→ Exercise goal: Every line holding "Blýskavica" should be copied from the records below.

-- -- --

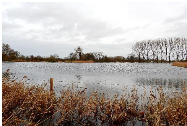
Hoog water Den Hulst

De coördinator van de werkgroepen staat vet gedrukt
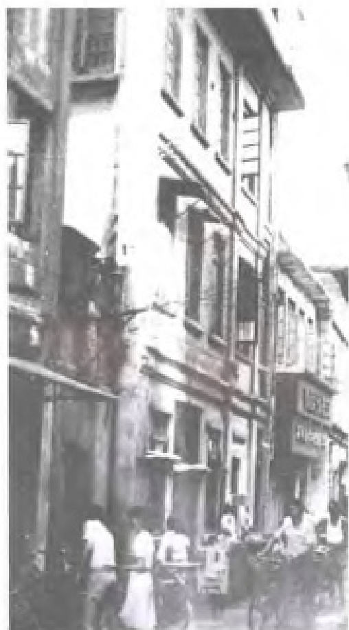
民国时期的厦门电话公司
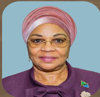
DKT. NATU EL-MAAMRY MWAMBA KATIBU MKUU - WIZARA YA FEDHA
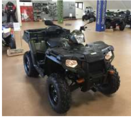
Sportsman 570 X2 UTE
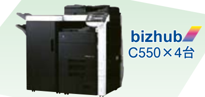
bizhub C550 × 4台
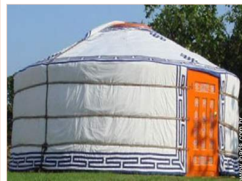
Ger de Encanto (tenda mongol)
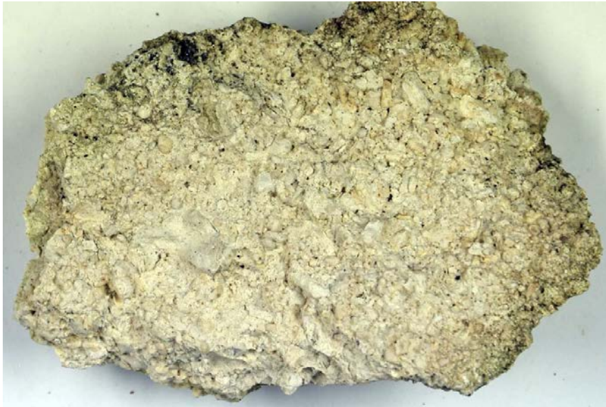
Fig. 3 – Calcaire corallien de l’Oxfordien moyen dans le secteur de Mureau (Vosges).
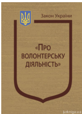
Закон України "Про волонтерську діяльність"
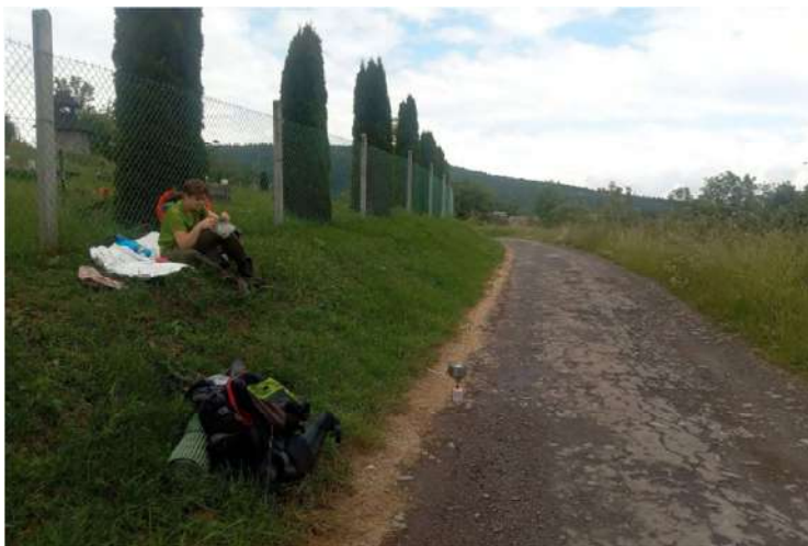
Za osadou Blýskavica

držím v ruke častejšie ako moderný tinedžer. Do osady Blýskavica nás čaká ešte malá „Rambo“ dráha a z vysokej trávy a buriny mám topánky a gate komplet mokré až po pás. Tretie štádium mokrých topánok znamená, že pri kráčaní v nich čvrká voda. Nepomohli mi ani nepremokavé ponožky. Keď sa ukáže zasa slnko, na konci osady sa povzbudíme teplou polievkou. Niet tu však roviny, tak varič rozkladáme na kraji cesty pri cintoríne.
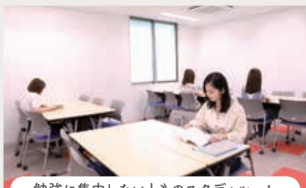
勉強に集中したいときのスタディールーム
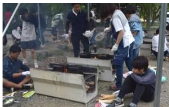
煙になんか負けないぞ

-- -- --

→ Your solution:
Za osadou Blýskavica
držím v ruke častejšie ako moderný tinedžer. Do osady Blýskavica nás čaká ešte malá „Rambo“ dráha a z vysokej trávy a buriny mám topánky a gate komplet mokré až po pás. Tretie štádium mokrých topánok znamená, že pri kráčaní v nich čvrká voda. Nepomohli mi ani nepremokavé ponožky. Keď sa ukáže zasa slnko, na konci osady sa povzbudíme teplou polievkou. Niet tu však roviny, tak varič rozkladáme na kraji cesty pri cintoríne.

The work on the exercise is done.